Metadata management can suffer quite a bit of resistance from existing organizations because they cannot quite see an immediate benefit of metadata management to what they are doing, or they see metadata management as an additional overhead to their already understaffed teams. Therefore, forward-thinking companies may start with their metadata management program tied to a data governance office, but first without full engagement from the business, or even from IT application owners. That will require the metadata team to build a case by exploring islands of metadata on their own to show their value. This will result on hit-or-miss scenarios where certain metadata groupings will offer more benefits than others. Of course, that is not an ideal scenario.

The ultimate goal is to have a fully integrated metadata management discipline, with priorities driven by the added value that they bring to the many organizations within the enterprise. A continuous improvement process should make sure that this happens and metadata management does not become a fad. It is important to learn from what has worked in the past and adjust to what has not. Regular evaluations should be conducted to ensure that proper adjustments are made.
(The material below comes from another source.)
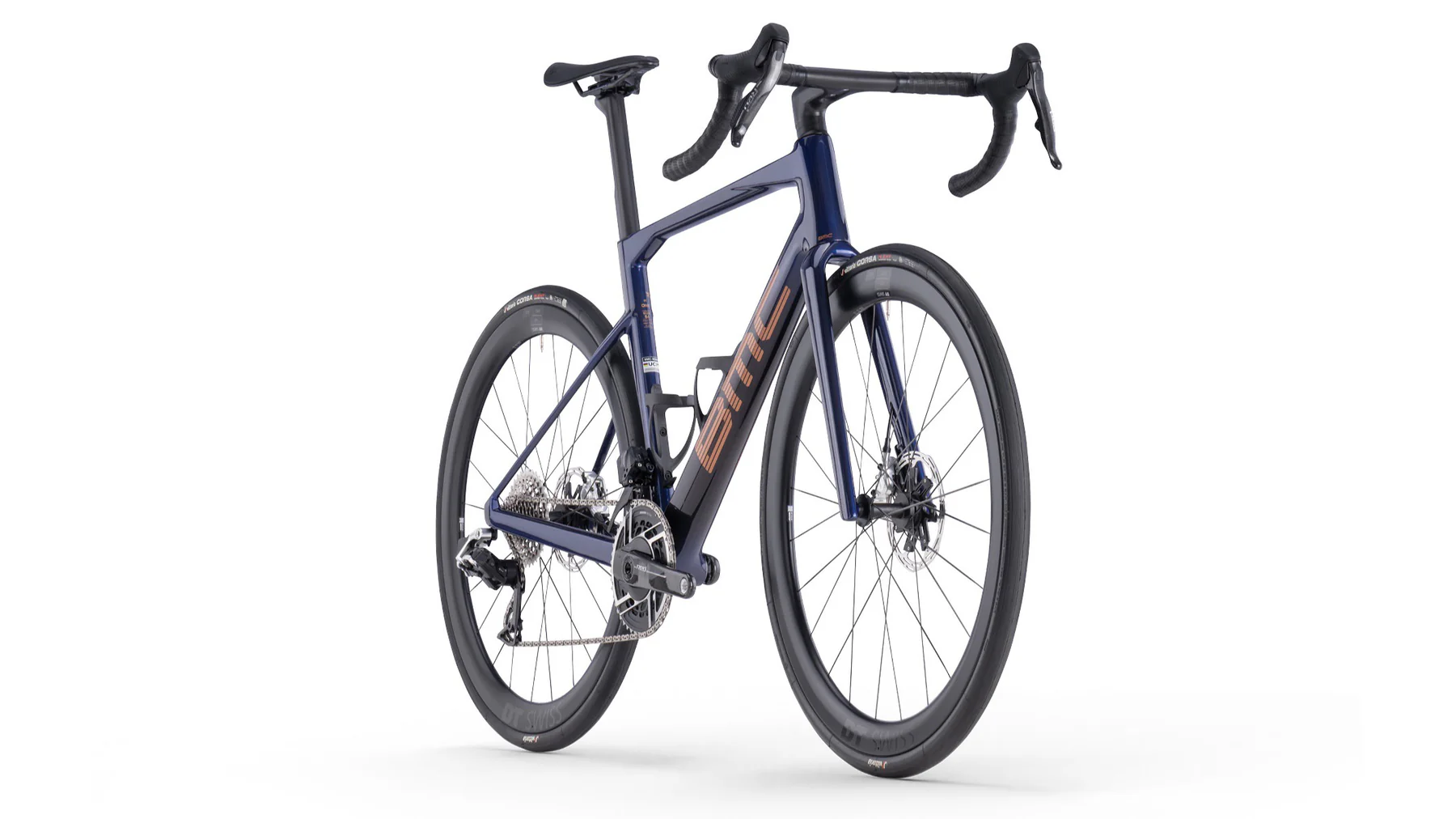 Braking duties are handled by hydraulic disc brakes, providing confident stopping power in all conditions—wet, dry, or dusty. The DT Swiss ERC carbon wheels are another highlight, known for their aerodynamic profile and tubeless-ready design. These wheels roll smoothly on Vittoria Corsa tires, which offer excellent grip and low rolling resistance. The BMC ICS Carbon Evo cockpit adds to the control, with its ergonomic shape and integrated computer mount for a clutter-free handlebar setup.

Collection and maintenance of metadata. Metadata is data, and as such, it can suffer from typical data-quality issues, such as duplication, inconsistency, incompleteness, and accuracy. It is necessary to realize how important creating a sustainable and reliable process to collect and maintain metadata is. It is not unusual to see thousands of metadata items become practically unusable because they are now obsolete.

Companies capture quite a bit of metadata on a regular basis, with or without a formal metadata management function. But there is a problem: This information is distributed in many forms. Manually captured metadata is typically stored in unstructured or semistructured form, such as Microsoft Word documents or Microsoft Excel spreadsheets. These documents will usually contain business term definitions, data dictionaries, data mappings, business rules, data-quality requirements, and other elements. In addition, metadata also exists in technological components, such as databases, data-modeling tools, extract, transform, and load (ETL) tools, reporting tools, business rule engines, and so on. Examples of metadata in those sources include data models, data types, data structures, attribute names, data mapping, transformations, business rules, and calculations.
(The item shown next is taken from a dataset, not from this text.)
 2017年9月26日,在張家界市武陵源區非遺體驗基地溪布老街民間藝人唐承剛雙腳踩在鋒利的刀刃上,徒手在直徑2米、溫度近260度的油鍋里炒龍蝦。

A mature company will have a repository that can capture metadata from all these channels and store them in a single and integrated location for easy retrieval. However, the collection of metadata is truly twofold. The first part is the initial collection of metadata; the second is the continual update of what has been collected. If the collection of metadata can be automated, the ongoing activity is simply a repetition of the initial load process for the purpose of regularly refreshing the metadata repository. But if the process is manual, it is necessary to decide if the maintenance after initial load will be done directly into the metadata repository, or if it will continue at the original source and require constant synchronization.
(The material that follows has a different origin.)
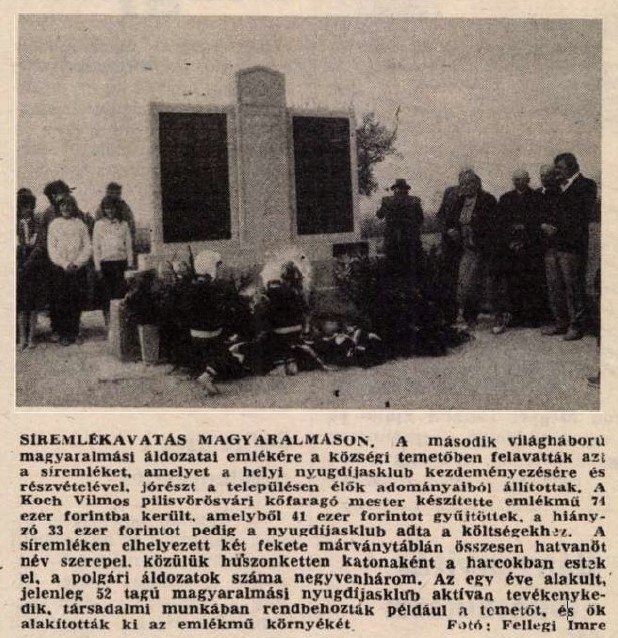 Magyaralmáson 1988. április 30-án került sor a második világháború áldozatai emlékére emelt emlékmű ünnepélyes avatására.[1] A helyi nyugdíjas klub kezdeményezésére, és jórészt a településen élők adományaiból Koch Vilmos pilisvörösvári kőfaragó mester készítette el az emlékművet. Az alkotás költsége 74 000 Ft-ot tett ki, melyből 41 000 Ft adományok gyűjtéséből származott, a hiányzó 33 000 Ft-ot ugyanakkor a nyugdíjas klub ajánlotta fel. A síremléken elhelyezett két fekete márványtáblán összesen hatvanöt név szerepel, közülük huszonketten katonaként a harcokban estek el, a polgári áldozatok száma negyvenhárom fő volt.[2]

Let’s use an example to illustrate this point. Assume that before a metadata repository tool is acquired, a team of users maintain data definitions and mapping between systems in spreadsheets. Once a tool is acquired, it is only logical to load the metadata from those spreadsheets into the tool. When the metadata is in the repository, the maintenance team needs to decide if it will make changes directly into the metadata repository or continue to use spreadsheets. There are pros and cons to both options. Using spreadsheets is a known process, but it requires regular refreshes of the repository. Using the metadata tool will require training and availability, but the most up-to-date and unique metadata will be available immediately for distribution.

Continuous improvement in collection and maintenance of metadata is about addressing the following main issues:

 Continue to explore tools that can automate the process of collecting metadata. Metadata tools typically offer capabilities to import metadata from certain technologies, but vendors will continuously improve and expand their features. Stay abreast of newly added options.

 Evolve the relationship with producers of metadata. Have them seek to use an enterprise metadata tool in their metadata-collecting process. For metadata management to be mostly effective, companies need to approach it similar to the way that Wikipedia content is created: multiple people contribute content. Sometimes it is necessary to confirm that the content is right. In those cases, an arbitration process can be led by a data governance program.

Metadata within other processes. There needs to be a metadata team to establish the foundation, manage the metadata repository, define standards, provide expert guidance, and ultimately be accountable for the health and proper delivery of metadata throughout the enterprise. But metadata is documentation, and as such, it needs to be close to the experts generating it, and collected within the existing processes that these experts already perform to avoid duplication and rework. For metadata management to be most effective, metadata documentation should be a byproduct of already-existing processes, but captured in a more formal way, following predefined standards and techniques. The resulting metadata can be utilized as a self-feeding artifact within existing processes to improve itself. In addition, the exposure of metadata related to data elements within a process can highly benefit other interested parties in the company.

Some teams may not agree that the activity of collecting metadata is part of their responsibilities, so they may resist or refuse to become engaged in these efforts. A key element of continuous improvement is finding ways to overcome this resistance. The following actions should be considered to increase adherence to metadata collaboration:

 Work with the data governance council to define and implement an enterprisewide metadata management policy that will help drive specific metadata management expectations and requirements across the enterprise.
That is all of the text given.